Settlement details are now online

I’m getting ready for class, and so will not be able to comment in any detail on the settlement terms reached between GateHouse Media and the New York Times Co. And it’s hard to know what the agreement (PDF) is going to look like in practice.

But my gut tells me that, by agreeing not to aggregate GateHouse content automatically for its Boston.com Your Town sites, the Times Co. will shift more to a blogging model, compiled by actual human beings, rather than robotically posting headlines and ledes from GateHouse’s Wicked Local sites.

“To put it in the language of online-journalism theory, they have to shift a bit from raw aggregation to something closer to curation,” writes Josh Benton of the Nieman Journalism Lab. I agree — I think that’s exactly what we’re going to see.

One interesting aspect of the agreement is that the Times Co. says it will not interfere with any technological fix GateHouse attempts to implement in order to stop it from “scraping” its content.

“Gatehouse had not previously established a barrier to prevent such scraping of its stories,” writes Robert Weisman of the Boston Globe.
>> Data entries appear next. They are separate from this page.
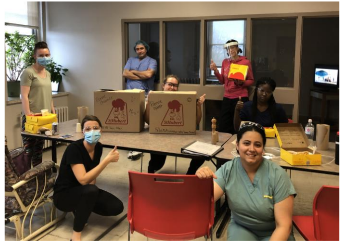
Livraison de poulet Saint-Hubert au Centre d'hébergement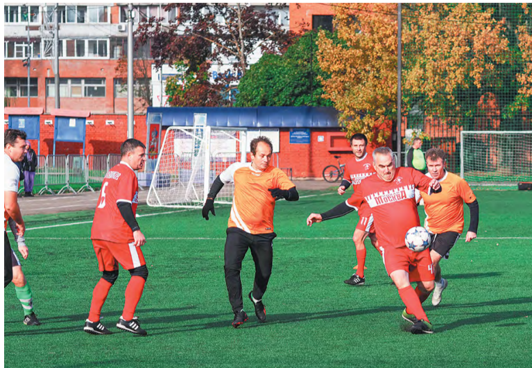
«Новая Москва» в матче с ФК «Троицк»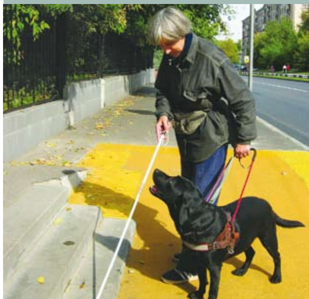
Лабрадор Жека с тренером во время дрессировки

Обучение собак-поводырей — сложная работа, требующая профессионального подхода во всём: в поиске и отборе собак, их дрессировке, а также обучении самих хозяев. Подготовка собаки стоит дорого. Будучи благотворительной организацией, существующей на средства спонсоров, мы стремимся оптимально расходовать средства. Но экономить можно не на всём. Например, приобретение породистых (а значит — дорогих) щенков — лабрадоров и голден ретриверов — обязательное условие успешной работы. Именно эти собаки идеально подходят на роль поводыря: они добродушны, легко обучаемы, работоспособны и неприхотливы в содержании. Мы очень признательны тем заводчикам, которые с пониманием относятся к проблемам инвалидов и дарят центру щенков. Все претенденты на высокое звание поводыря слепого проходят жёсткий отбор. Даже самые лучшие из них нуждаются в кропотливой и длительной дрессировке. Более полугода проходит с момента первого занятия дрессировщика с молодой собакой до того дня, когда она встретится со своим новым хозяином. С этого дня замечательная собака с красным крестом на шлейке будет всегда рядом с тем, кто нуждается в её способностях, помощи и внимании.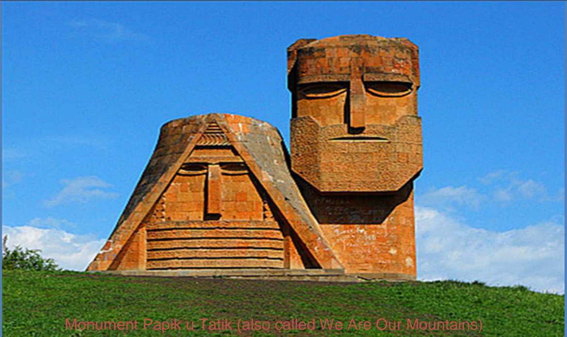
Monument Papik u Tatik (also called We Are Our Mountains)

ΠΡΟΓΡΑΜΜΑ ΜΕΤΑΠΤΥΧΙΑΚΩΝ ΣΠΟΥΔΩΝ «ΣΤΡΑΤΗΓΙΚΕΣ ΣΠΟΥΔΕΣ ΑΣΦΑΛΕΙΑΣ»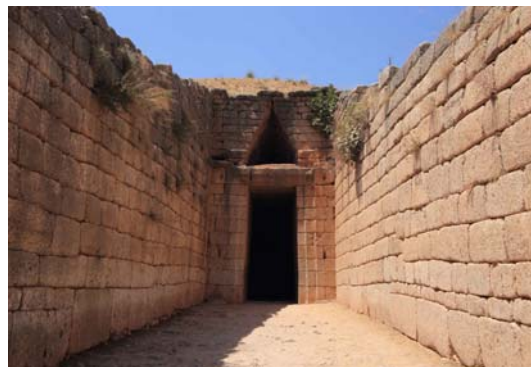
Tumba de Agamenón. Micenas

Por la tarde salida hacia Olimpia . Atravesando la Arcadia, pintoresca provincia del Peloponeso central, llegaremos a la cuna de los Juegos Olímpicos.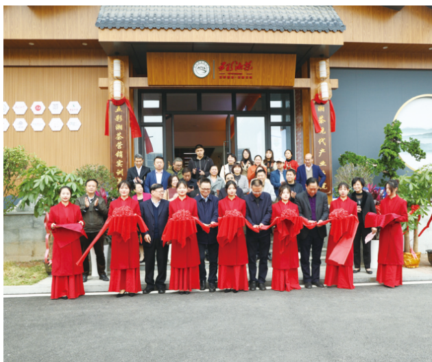
▲湘茶现代产业学院挂牌成立并运营

◆ 就业方向： 茶叶生产技术人员、茶饮料及精制茶制造人员、茶叶品质管理与茶艺服务培训人员、茶叶销售人员等岗位。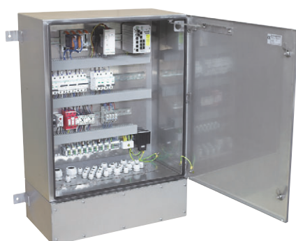
Szafki nierdzewne z wyposażeniem elektrycznym, wykonane zgodnie z projektem dostarczonym przez klienta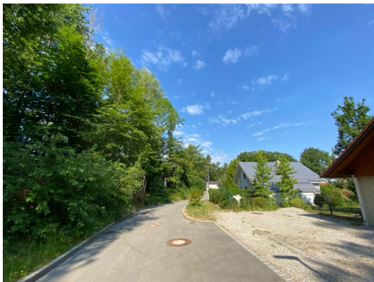
Abb. 4: Wörthseestraße im Norden, Blick von Ost nach West.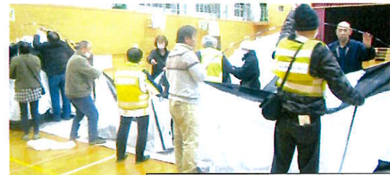
夜間防災訓練 間仕切り テントと本物トイレ対応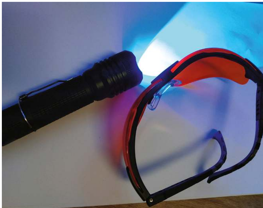
Abb. 1.10 Diagnostik mit der LED-Lampe von Onyfix oder Blue Light und orangener Schutzbrille

But in GateHouse’s legal complaint, the company charges that it “implemented certain electronic security measures” last November, which were quickly defeated by Boston.com.

More to come, I’m sure.

5 thoughts on “Settlement details are now online

  1. O-FISH-L

    Is Josh Benton the ultra-liberal who appeared on Beat the Press on Friday? If that panel was a scale, you’d all fall off stage left, like when too many children favor one side of a see-saw. Makes one pine for the days of Bob Zelnick and Michael Graham, both apparently not liberal enough to be invited back.

  2. NewsHound

    We shouldn’t even know about this. Rick Daniels should have made a phone call to his successor at the Boston Globe, the two should have met for lunch and after a couple of meetings and phone calls both sides should have been big enough to figure this out without expensive phantom judicial assistance.

  3. Ani

    What strikes me about the agreement letter on first read is that technology is the tail and the deal about what can and can’t be done is the dog. Which may be perfectly obvious, but I do think it’s interesting that the party with better technology is prevented from wielding that advantage here and the party whose technology doesn’t work as planned is protected from disadvantage here. If I read the thing right. It interests me because it often seems to look in other contexts as if the leading edge is what can be done with the best technology.

  4. Greg Reibman

    Of course we asked first! We sent a cease and desist on November 19, 2008 asking them to do exactly what Newshound suggests. We followed that with the second letter on Dec. 2.